Anthony Galla-Rini was a demanding person, not only of others but also, especially of himself. He expected the best from himself and from his students. There was friendliness and kindness, but always with a firm understanding that he was indeed the master. This was perhaps a throwback to an earlier era, but most certainly warranted in the instance of this great man who came to be known as The Maestro in his later years at his many music camps. Even then he exhibited the elegance required of and demanded by such a title so lovingly bestowed upon him.

Literally hundreds and hundreds of players have shared the genius of Anthony Galla-Rini through the playing of his vast numbers of arrangements for solo and orchestra. While some of those were made in response to the dictates of a certain period of time, many others will remain in the repertoire and libraries of accordionists, valuable for both teaching and performance, for students and professionals. His two concerti were perhaps his finest efforts at composition, an art he thoroughly understood. Anthony Galla-Rini also knew intimately each and every instrument for which he wrote and because of this, he composed every note for every instrument; the orchestrations were not left to anyone else. His Concerto No. 1 in g minor is undoubtedly the most performed of any accordion concerto, at least in the United States, if not in the world.

His wife, Dina, came from a famous accordion family and was a person who doted on her husband; she sat and listened to every note, every day, wherever and whenever. After she died and Tony remarried, his second wife, Dolly, was the same; she also travelled with him and listened to everything he did with great admiration. I considered it a great privilege to share many good times with both Dina and Dolly and to have had them as my very good friends.

I, like hundreds of other accordionists, have many wonderful memories of Anthony Galla-Rini and they will never be forgotten. The world will never forget him since he was a giant in the history of the accordion in so many different ways.

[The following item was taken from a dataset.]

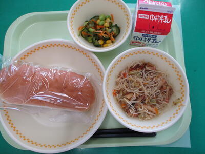 給食ではビーフンの量が多いので、混ぜる作業が大変です。

From his early years as a child performer growing up in vaudeville and continuing on through practically his last days on earth at the age of 102, his story is well known through the hundreds of articles written about his life and his many accomplishments. But my memories include not only those I have read about but, also, the ones I had the inordinate privilege of sharing as a student, friend and, eventually, a colleague. God blessed us all with the presence and life of Anthony Galla-Rini. He was a good human being and a great musician! May his legacy live on forever.